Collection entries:

---+---

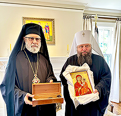 On Tuesday, 17 September, 2024, His Eminence Metropolitan Nicholas of Eastern America and New York visited the residence off His Eminence Metropolitan Saba, Primate and Archbishop of the Antiochian Orthodox Church of North America. During a luncheon, the two hierarchs had a warm, fraternal discussion of the life of the Holy Church of Christ, her pastoral and missionary service, youth ministry and inter-Orthodox relations. At the end of the meeting, the bishops exchanged mementos of the visit, wishing each other Divine aid. Metropolitan Saba gave Metropolitan Nicholas a reliquary with a part of the uncorrupt mantle of St Raphael of Brooklyn, recently obtained along with his relics. The Primate of the Russian Church Abroad promised to find a prominent place for the holy shrine.
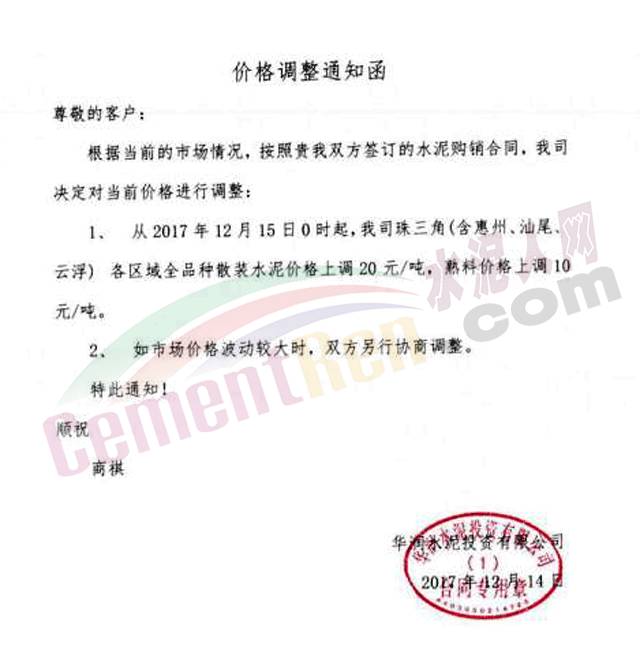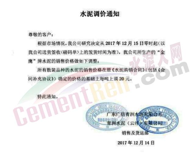 【水泥人網(wǎng)】自今日零點起珠三角地區(qū)部分企業(yè)將上調(diào)各品種水泥價格。上調(diào)幅度在20元/噸,熟料價格同期上調(diào)10元/噸。
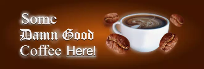 每个单词所用字体名称的首字母拼出了“TOOTH”: Some:Times New Roman Damn:Old English Text MT Good:Old English Text MT Coffee:Times New Roman Here:Helvetica 获得了表情2(眨眼表情),该表情来自Hans Adler的评论。
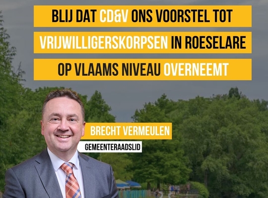 Nog geen twee maand geleden diende N-VA bij monde van fractieleider Brecht Vermeulen op de gemeenteraad het voorstel in om in Roeselare een lokaal vrijwilligerskorps op te richten. Goed geargumenteerd en met meer dan enkel aandacht voor enkele wijken. Het punt werd - mits een amendement - ook goedgekeurd door alle partijen.
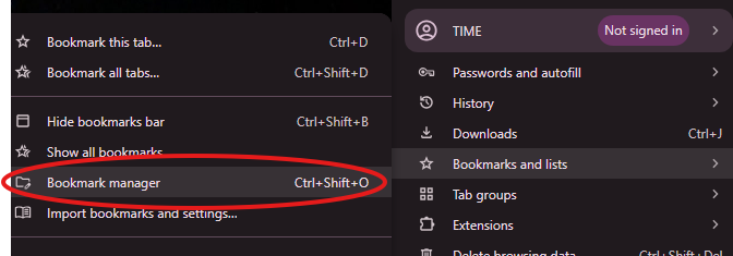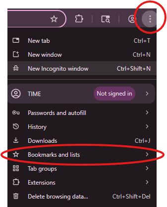 Step 1. On the browser of your choice, select the 3 dots in the top right corner. Then Navigate to Bookmarks and lists then Bookmark manager.
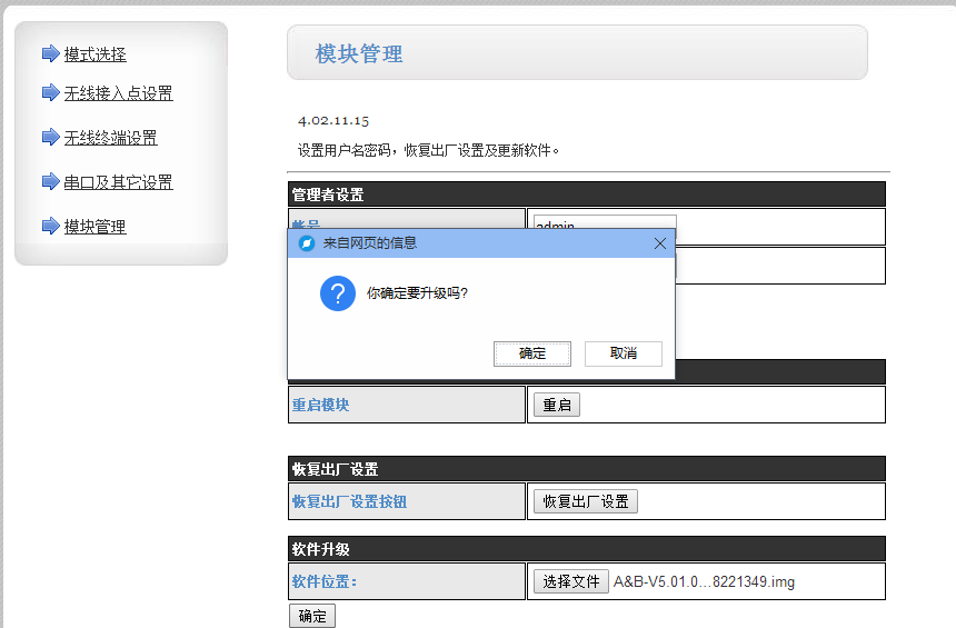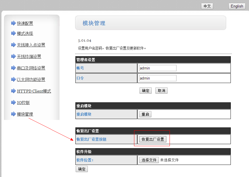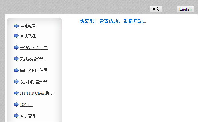 5:刷新页面后显示升级后的页面,然后点击“模块管理” 的 "恢复出厂设置"
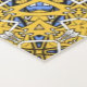Mates de yoga con temática kaleidoscópica. Reflexión. Armonía y equilibrio en amarillo con un toque de azul.
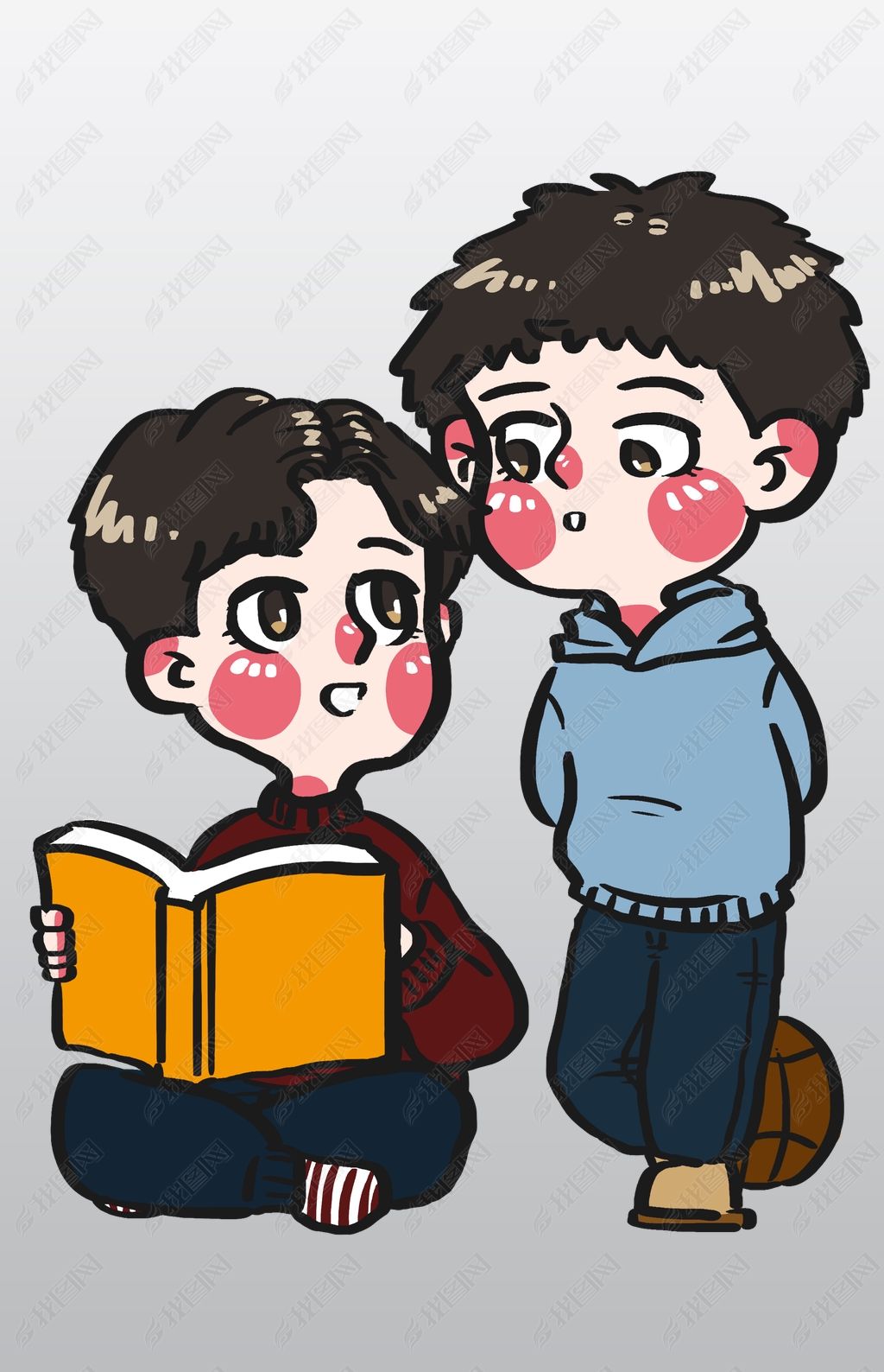 两个小人摸头表情:该出去玩得出去玩-九蛙图片
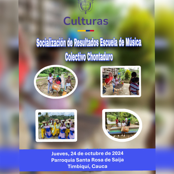 Se presentarán los resultados de los talleres impartidos a todos los beneficiarios, de la Escuela de Música Colectivo Chontaduro incluyendo presentaciones musicales y de danza de los distintos géneros musicales de la música folclórica del Pacífico.
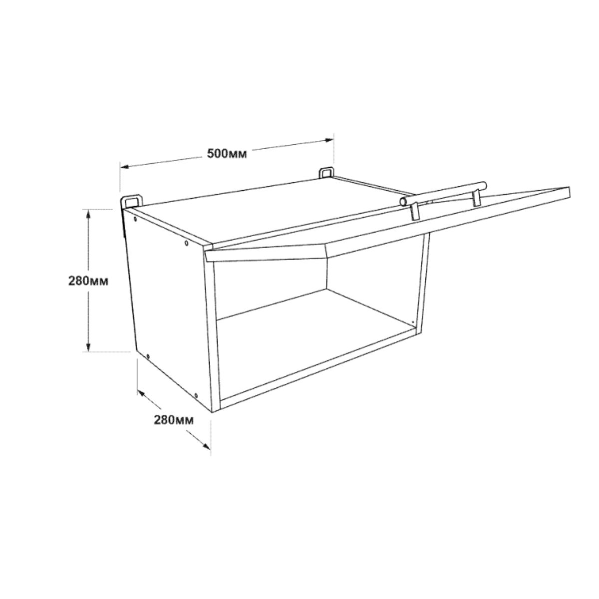 Конструкція шафи дозволяє зручно розмістити витяжку та забезпечує охайний вигляд кухонної зони. Такий модуль допомагає ефективно використовувати простір кухні та легко поєднується з іншими навісними елементами кухонних меблів.
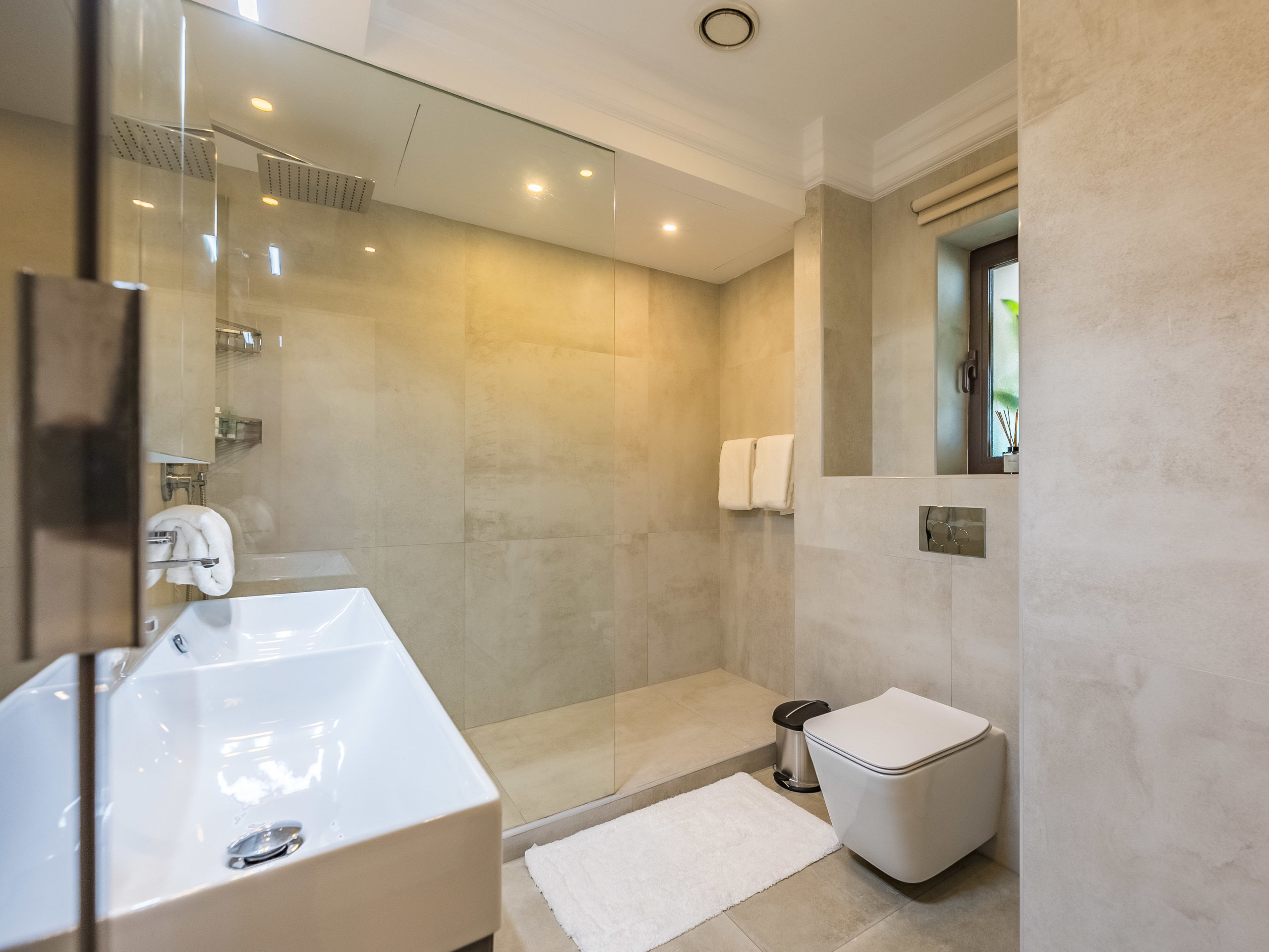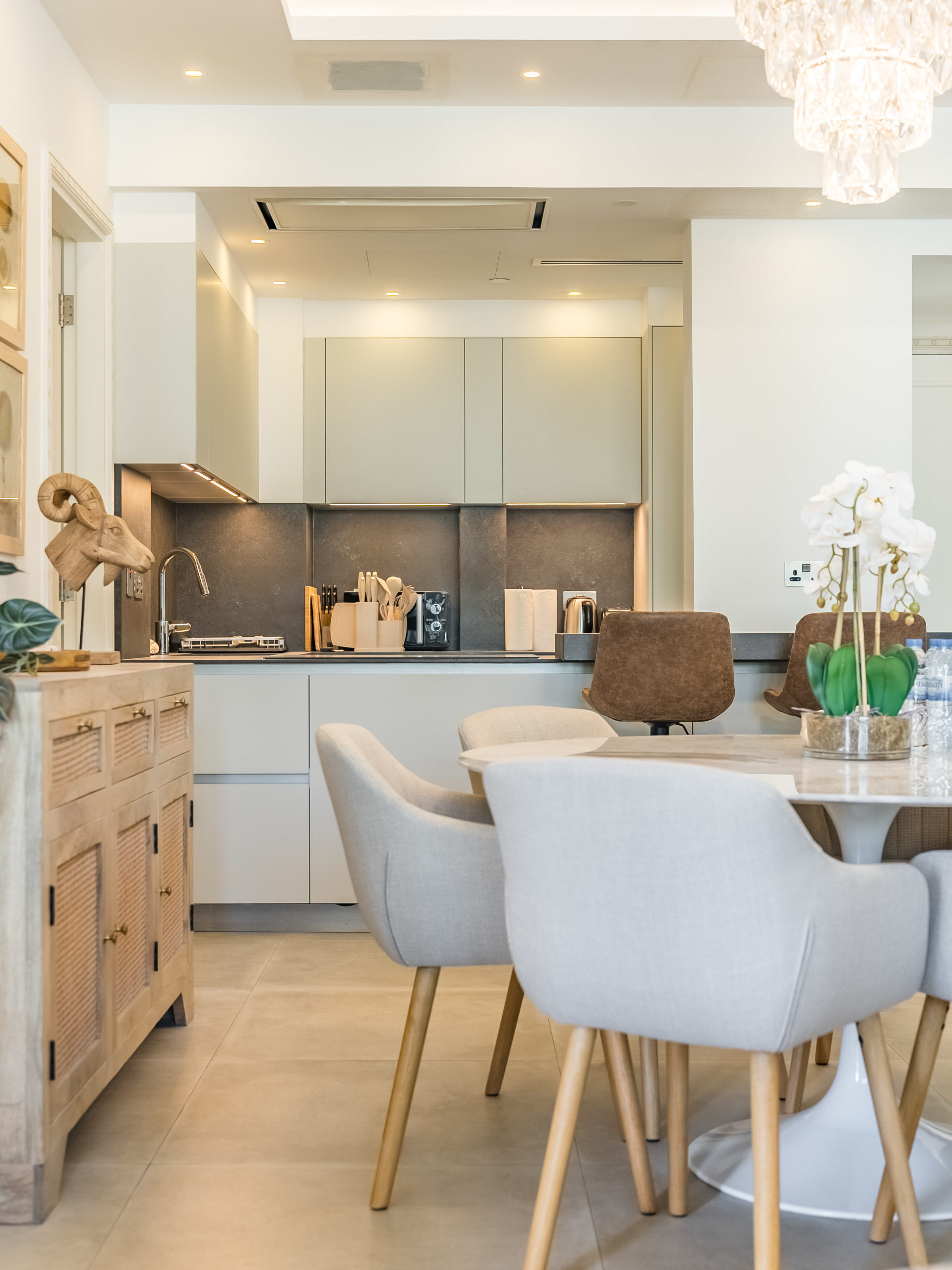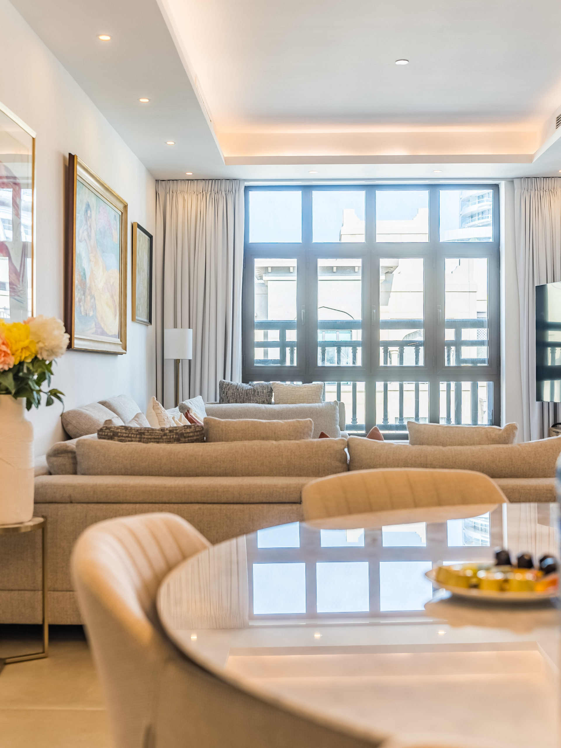 The two main bedrooms are fitted with queen-sized beds, ensuring a restful stay. The maid’s room, which can be used as an additional sleeping space, adds flexibility for families or small groups. The apartment’s two modern bathrooms feature high-end fixtures, providing a spa-like experience with sleek designs and premium finishes.

---+---

* **Work required**: Please copy the data above word for word, but only from the line that contains "Конструкція шафи дозволяє" through the final line, both included, and without the pictures.

* **Answer to this exercise**:
 Конструкція шафи дозволяє зручно розмістити витяжку та забезпечує охайний вигляд кухонної зони. Такий модуль допомагає ефективно використовувати простір кухні та легко поєднується з іншими навісними елементами кухонних меблів.
 The two main bedrooms are fitted with queen-sized beds, ensuring a restful stay. The maid’s room, which can be used as an additional sleeping space, adds flexibility for families or small groups. The apartment’s two modern bathrooms feature high-end fixtures, providing a spa-like experience with sleek designs and premium finishes.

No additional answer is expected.